The North Carolina contingent, participating in the American Medical Association’s 2024 National Advocacy Conference, delivered an urgent call for action to the offices of each North Carolina US Senate and US House representative on numerous health policy issues. Making the trip to Washington were NCMS President Dr. Eileen Raynor, NCMS Board of Directors member Dr. Karen Smith, NCMS AMA Delegation member Dr. Mary Ann Contogiannis, and NCMS Vice President, External Affairs Alan Skipper.
The event held from February 12-14 showcased speeches by national experts and congressional member, including a keynote address from former NC DHHS Secretary, Mandy Cohen, MD, who currently serves as the Director of the CDC. In 2022, the AMA honored Dr. Cohen the Award for Outstanding Government Service, acknowledging her exceptional leadership during the COVID-19 pandemic and her efforts to address the coverage gap in North Carolina through Medicaid expansion.
The NCMS team greets Dr. Mandy Cohen, accompanied by
Dr. Sandra Fryhofer, AMA Board of Trustees member
The highlight of the conference was going to Capitol Hill, where we met with all 16 of our House and Senate offices. The primary message emphasized a pressing appeal for Congress to reverse the 3.37% Medicare physician payment cut implemented on January 1. The “ask” was for support of H.R. 6683, the Preserving Seniors’ Access to Physicians Act, introduced by Rep. Dr. Greg Murphy (NC-3). The proposed legislation aims to nullify the entire 3.37 percent physician payment cut.

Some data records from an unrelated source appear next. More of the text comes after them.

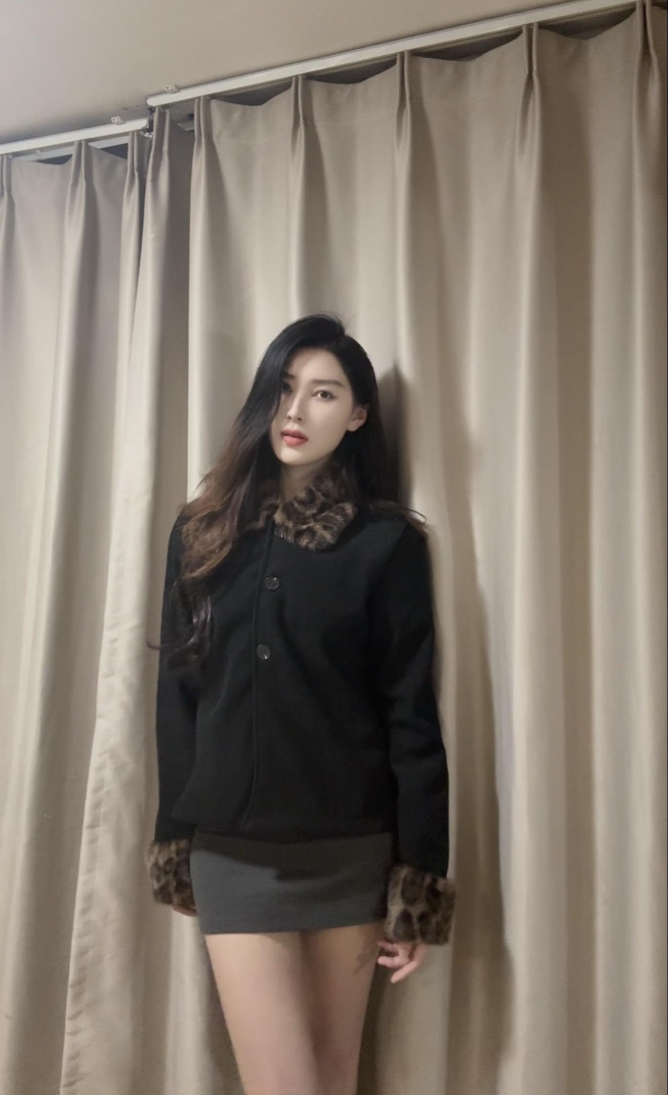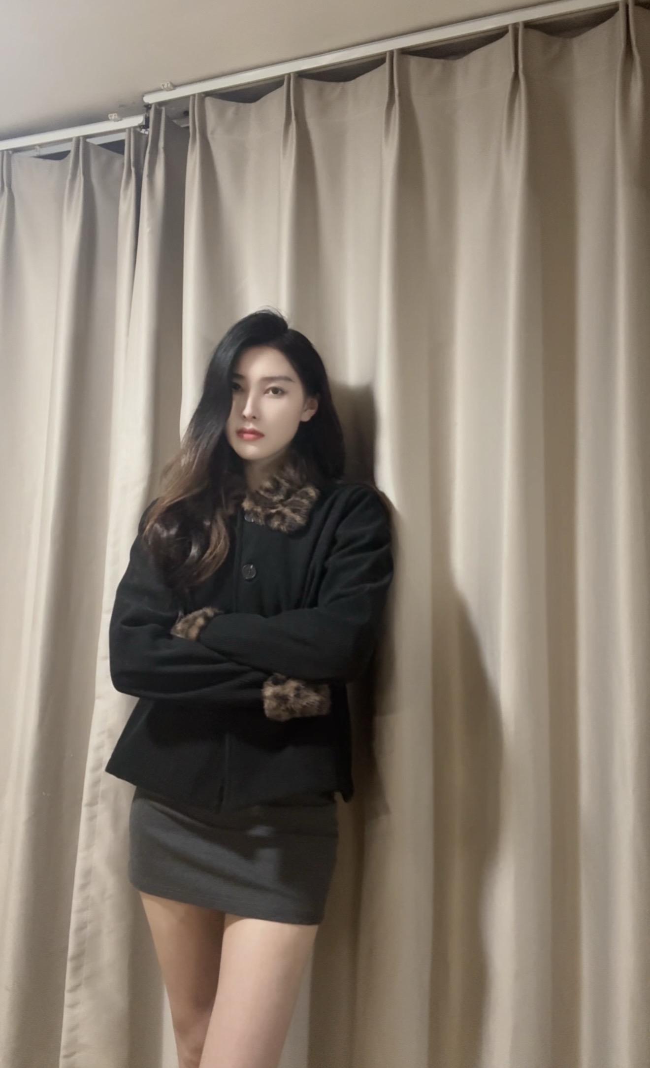 灰绿色针织上衣配黑色牛仔短裤,时尚又简约。Gucci包与灰色凉鞋,尽显潮流品味。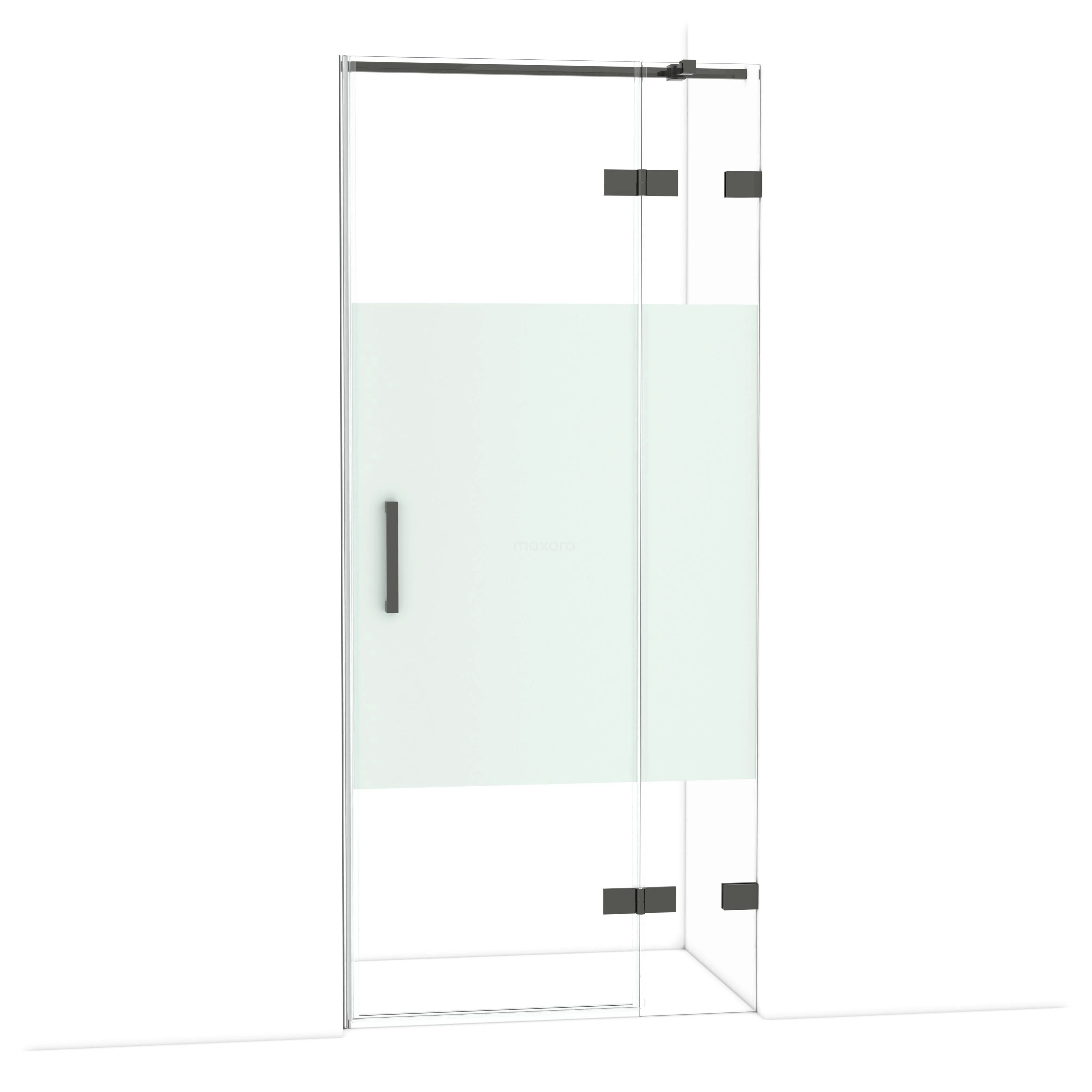 Diamond Duschtür | 90 cm Schwarzchrom Klar mit matter Streifen Drehtür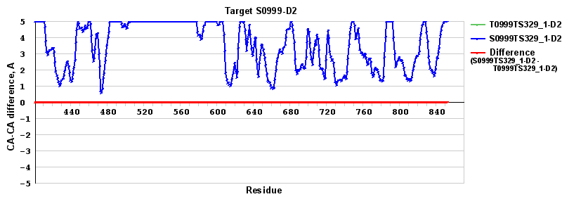 | Red line = (blue line) - (green thick line): difference between the corresponding "Assisted Model"-Target and "Regular Model"-Target CA-CA distances (see above). Negative values show regions where the "assisted" model has better fit to the target than the reference model, i.e. areas of potential improvement. |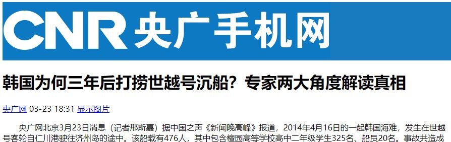 央广网——韩国为何三年后打捞世越号沉船?专家两大角度解读真相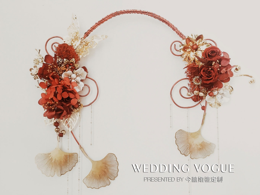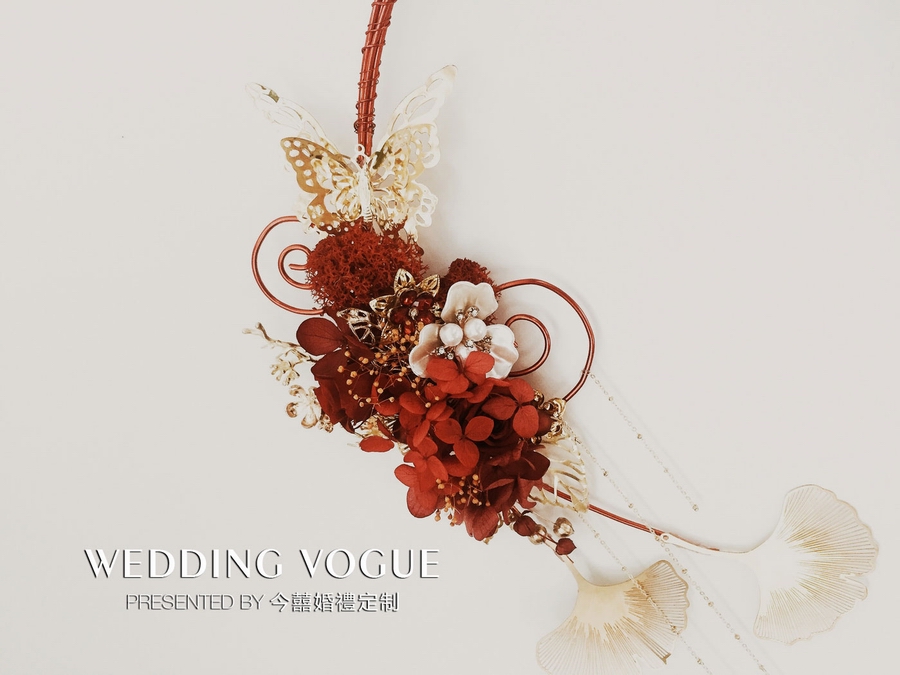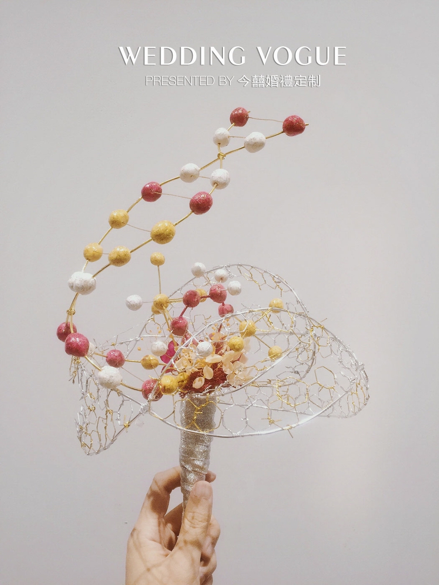 在手捧花的设计上,今囍婚禮定制也“里应外合”,从古到今结合婚礼秀的主题来打造。手捧花主打中式元素,融入古代元素,同时也引入西式手法和思想。

Another vital Medicare-related bill discussed, which has remained a congressional priority over the past year, is H.R. 2474, the Strengthening Medicare for Patients and Providers Act. This bill seeks to include physicians among the providers under Medicare eligible for automatic payment adjustment to account for inflation. Physicians are currently excluded from this annual payment adjustment and have experienced a net 26 percent payment reduction from 2001 to 2023 due to inflation.
A third Medicare payment bill H.R. 6371, the Provider Reimbursement Stability Act, was also addressed. This proposed legislation aims to raise the threshold that would initiate the budget neutrality requirement from $20 million to $53 million, ensuring that budget neutrality adjustments are based on the actual utilization.
Addressing the escalating challenge of a growing physician workforce shortage, discussions with House and Senate members, along with their staff, underscored the need for backing pending legislation aimed at expanding residency slots. Specifically, support was sought for H.R. 2389 / S. 1302, known as the Resident Physician Shortage Reduction Act. These bills propose an increase in the number of residency positions eligible for graduate medical education payments under Medicare for qualifying hospitals, including those in rural areas and health professional shortage areas. The proposed expansion entails an in crease of 2,000 positions per fiscal year from FY2025-FY2031.
Additionally, emphasis was placed on garnering support for H.R. 4942 / S. 665, the Conrad State 30 and Physician Access Reauthorization Act, as a means to alleviate the growing physician workforce shortage. Primarily, this legislation seeks to eliminate the requirement that foreign medical graduates who come to the U.S. for residency/fellowship training must return to their country of citizenship for at least two years. It also proposes a three year expansion of the Conrad State 30 program, allowing states to request J-1 visa waivers for foreign physicians to work in federally designated shortage and underserved areas. The bill further aims to increase state allocations from 30 to 35 physicians per year and provide flexibility to expand the number of waivers in states where demand exceeds that limit.
Advocating for medical debt relief, our team also asked for support of H.R. 1202, the Resident Education Deferred Interest (REDI) Act. This bill enables borrowers in medical or dental internships or residency programs to defer loan payments until the completion of their programs.
Medical practice viability was another key point of emphasis. A recent bill introduced by Rep. Dr. Greg Murphy (NC-3), H.R. 6487, the No Fees for EFTs Act, is to eliminate unwarranted charges by insurance companies. Support for this legislation was a major ask in every office, aiming to prohibit health plans and vendors charging physicians fees for electronic fund transfer (EFT) payment transactions.
Addressing step therapy relief remains a focal point in our legislative priorities during our congressional advocacy. Last year, significant progress was achieved as we garnered support from our NC members of the US House of H.R. 2630, the Safe Step Act of 2023. Our NCMS team emphasized the positive impact that relief from onerous step therapy restrictions would have on patient care.
Maternal mortality and morbidity stand as prominent concerns in North Carolina. A pertinent opportunity arose with pending legislation in the US Senate, S. 712, the Connected MOM Act, allowing our group to advocate for health policies leveraging technological advances in patient care. This bill would provide resources to states to enhance maternal health outcomes for pregnant and postpartum women. Some members of the North Carolina House expressed commitments to introduce a companion bill in that chamber.